The above code outputs the correct number of primes over this range as 23000, the culling is repeated 1000 times so that the total of approximately (just less than) 200 million inner cull loops take a reasonable amount of time for timing, which is about 5.3 seconds on my Windows tablet (Intel i5-Z8350 @ 1.92 Gigahertz).

The above code is faster at array manipulations than even your new tuned version using the hashing implied by using String indices on an unspecified CPU due to the cost of the hashing, but at least it shows what the minimum loop time can be on this slowish CPU, as you likely are using a faster one than this - your fastest times for inserting a million elements are taking about a over a thousand nanoseconds per element insertion whereas this is taking about 26.5 nanoseconds per array modification or about 50 times faster showing that loop overhead isn’t likely a problem:

Due to the lack of “do” optimizations, one can’t write this code as elegantly as for Haskell as the “do” interferes with the ability to do Tail Call Optimizations (TCO’s) and we get stack overflows if the inner culling loop is inside the “do” (an intermediate function call prevents TCO), which also adds to the number of function calls per loop. PureScript isn’t very sophisticated at code optimizations…
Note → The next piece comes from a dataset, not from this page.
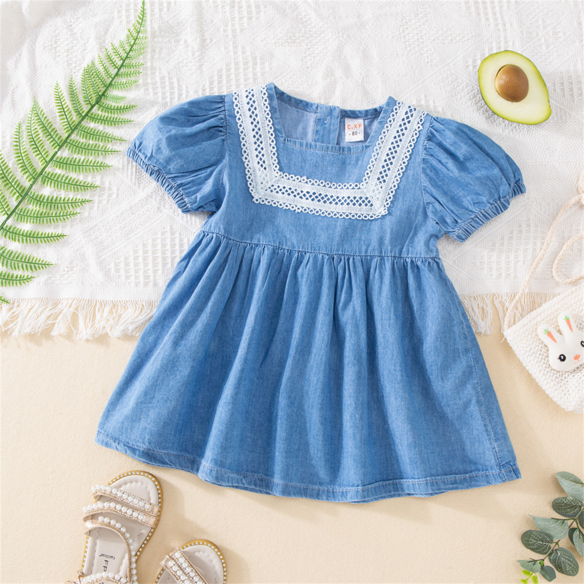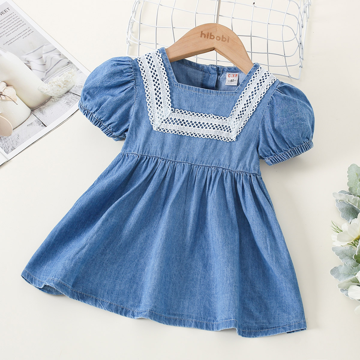 Toddler Girls Solid Round Neck Denim Dress Wholesale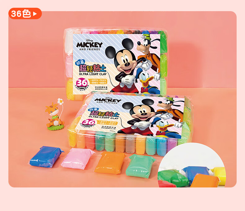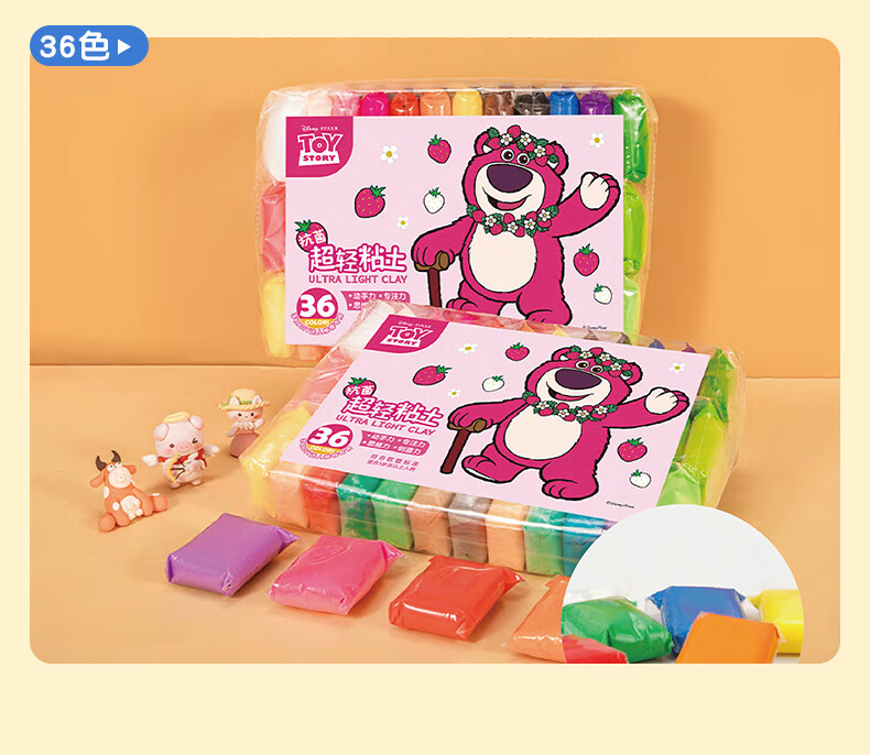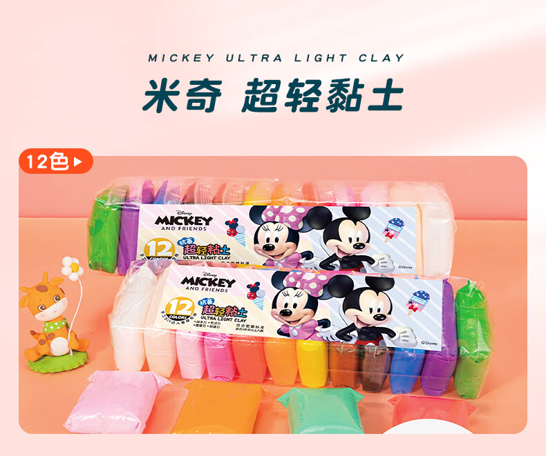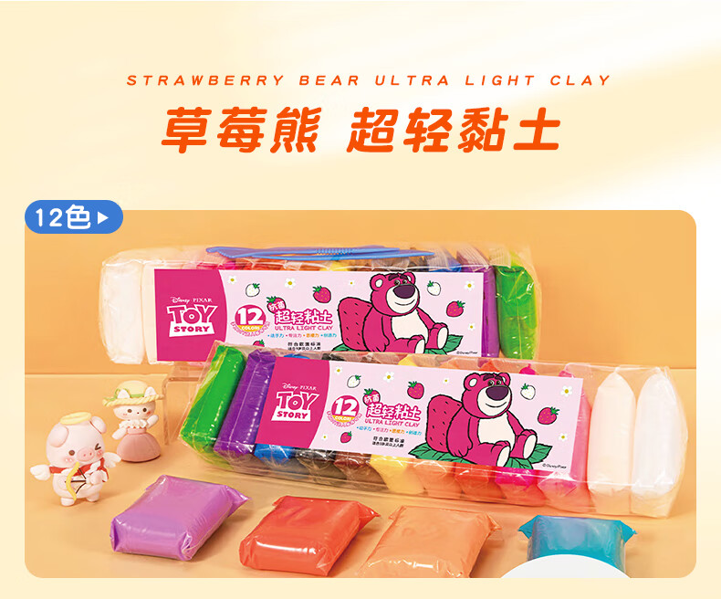递乐迪士尼正版12色儿童超轻粘土环保抗菌彩泥橡皮泥黏土diy手工制作模具装不粘手CMC1001草莓熊

As to even your fastest Object insertions, I notice that you are creating the String “key” values using “show” inside your timed code and have measured that about half of your fasted expended execution time is using in converting integers to generate these String “Key’s”. I don’t think that would be a normal use case?

My conclusion is that for this purpose of inserting String “keyed” values into an Object, by using the FFI interface as here it shouldn’t be significantly slower than by direct use of JavaScript or much slower tha any other language as most of the time expended is used doing hashing of the String “keys” in the JavaScript run time, which is necessary inn any case.

However, for tight loops as are typical for games or for high order math array manipulatioms, PureScript is currently considerably slower than JavaScript or Fable generated JavaScript due to the extra levels of function calls and, although generating “safe” code, may not be the best choice for high performance purposes.